# Generic of Specific



## snakzak (Jan 3, 2020)

I got IQA and the text says:
----------------------------------------------------------------------
Qualification* Bachelor of Science (Computer Science)*
Awarding Body *My university*
Year of Award *2005*
Duration *4 years*

Assessment Outcome *A bachelor's degree at Level 7*
The qualification assessed above meets the credit and knowledge requirements of a qualification listed under the occupation of *Software Engineer*. 

Qualification *Master of Science in Computer Software Engineering*
Awarding Body *My university*
Year of Award 2015
Duration 2 years
Assessment Outcome* A master's degree at Level 9*
End of Result
--------------------------------------------------------------------------------------
Is this s generic outcome or a specific outcome? my degree was BS Computer Science 4 years and MS in Computer Software Engineering 2 yrs.
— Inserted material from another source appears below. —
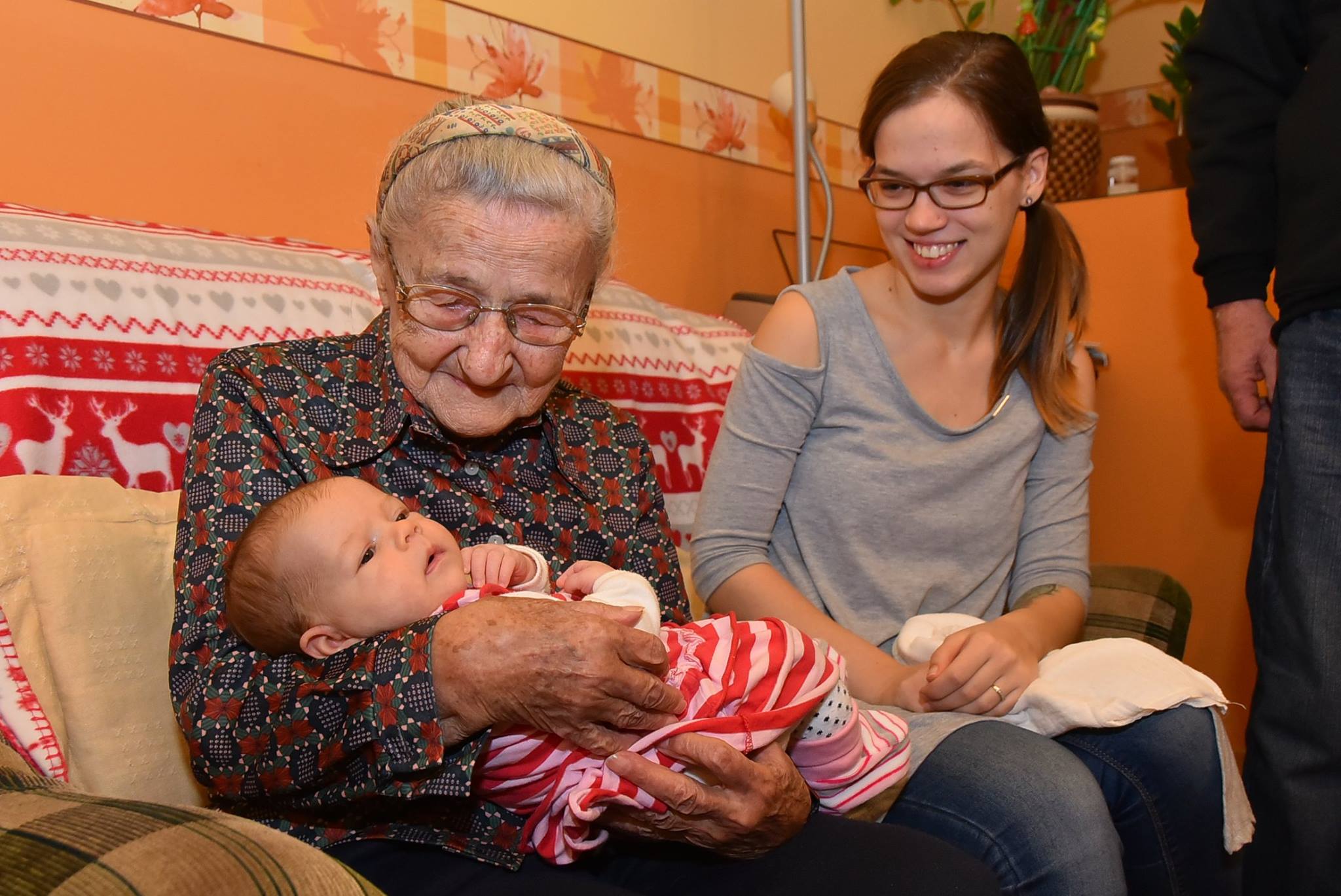 A legmeghatóbb pillanat volt amikor Sára néni kezében tartotta ükunokáját a hét hetes Mirát.
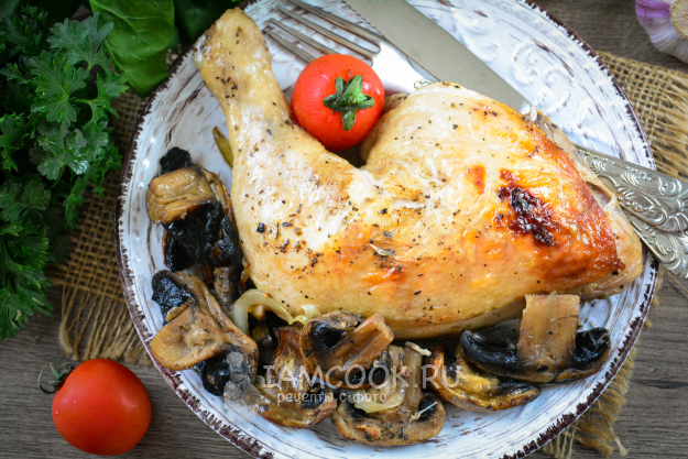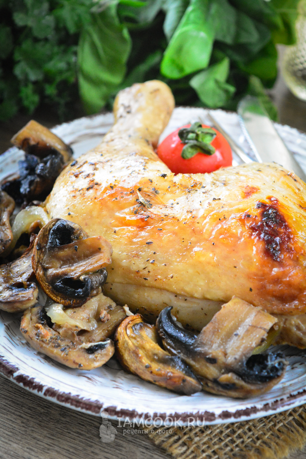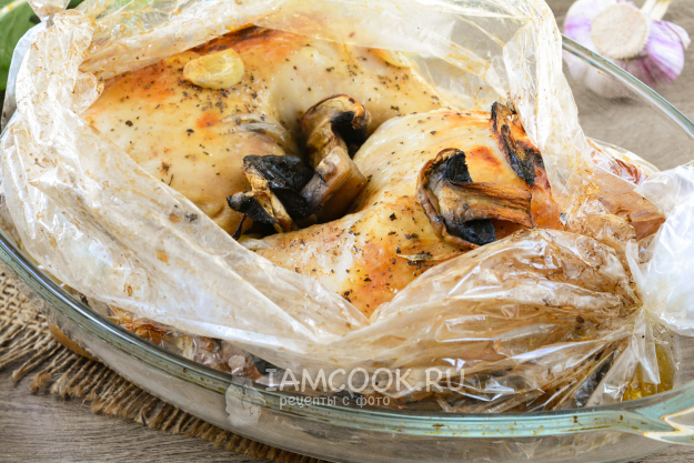Запекайте курицу с грибами в рукаве в духовке примерно 40 минут при температуре 180-190°С. Пусть курица подрумянится.

What is next, IPENZ or ITNZ?

i got ITA with 175 points, in the email for ITA they have asked me:
_
If your IQA outcome is generic (specifies only Bachelor’s degree at level 7 or higher) , this indicate you do not meet the Long Term skill shortage requirement hence you will need to provide a letter from Engineering New Zealand certifying that the degree and any further learning meet the benchmark requirements towards Chartered Professional Engineer professional status in New Zealand._


----------



## gopgirish (Nov 24, 2019)

Below is what I saw in another thread. Copy pasting the same:

Today I have received my IQA result and I am surprised to see that there is generic outcome for my degree. I have applied for bonus points for qualifications in an area of absolute skill shortage under the Skilled Migrant Category.

Please guide me can I still claim bonus point with my degree assessment outcome which is a bachelor degree at level 7 (480 credits).

Please guide me, Can I apply in any filed or occupation with generic outcome of my degree.

My degree is bachelor engineering in Instrumentation and Control (4 Years full time).

But it is accessed by NZQA is A bachelor degree at level 7 (480 Credits).

Explanation of Assessment outcome:

Your bachelor of engineering has been compared to bachelor degree at level 7 (480 credits) here in New Zealand. This is a generic outcome. This mean that your qualification has not been compared to any particular currently offered New Zealand qualification. This is because it is in a professional field in which a detailed comparison to a specific New Zealand qualification is more appropriately made by the relevant professional body or registration authority, alongside the other occupational competencies they may require.

My opinion:

You can see above that the IQA clearly mentioned that it is generic and not specific. So maybe where it is generic, the same shall be stated explicitly. Else, it may be considered specific? Just my opinion. Actually, I have similar points and IQA assessment and have just submitted my EOI.


----------



## gopgirish (Nov 24, 2019)

https://itp.nz/Activities/Immigration/Qualification-Recognition-Application

Follow the above link. This is what may be required. Thanks.


----------



## snakzak (Jan 3, 2020)

After a few confirmations, the text on assessment outcome says:

"The qualification assessed above meets the credit and knowledge requirements of a qualification listed under the occupation of Software Engineer.""

For time being I do not need to go for IPENZ or ITNZ assessment.


----------



## gopgirish (Nov 24, 2019)

Who has confirmed this? NZQA?


----------



## snakzak (Jan 3, 2020)

yes


----------



## baskarkm (Sep 1, 2018)

snakzak said:


> After a few confirmations, the text on assessment outcome says:
> 
> "The qualification assessed above meets the credit and knowledge requirements of a qualification listed under the occupation of Software Engineer.""
> 
> For time being I do not need to go for IPENZ or ITNZ assessment.


Hi is this got accepted by new Zealand immigration officer?


----------



## baskarkm (Sep 1, 2018)

snakzak said:


> After a few confirmations, the text on assessment outcome says:
> 
> "The qualification assessed above meets the credit and knowledge requirements of a qualification listed under the occupation of Software Engineer.""
> 
> For time being I do not need to go for IPENZ or ITNZ assessment.


Is the same outcome required to claim patner points as well?


----------



## stabishali (Dec 4, 2019)

Hi!

yes, you don't need to go for IPENZ or any other body cuz our outcome is specific and clearly mentioned that your education fulfills skill and knowledge assessment, I also got the same outcome and will be submitting EOI based on that, although are you claiming point based on your masters or bachelors?


----------



## baskarkm (Sep 1, 2018)

stabishali said:


> Hi!
> 
> yes, you don't need to go for IPENZ or any other body cuz our outcome is specific and clearly mentioned that your education fulfills skill and knowledge assessment, I also got the same outcome and will be submitting EOI based on that, although are you claiming point based on your masters or bachelors?


I am going to claim bachelor B.E point for myself. And masters M.E for my wife. To claim my wife education point if level 9, Do I need to get this same outcome?


----------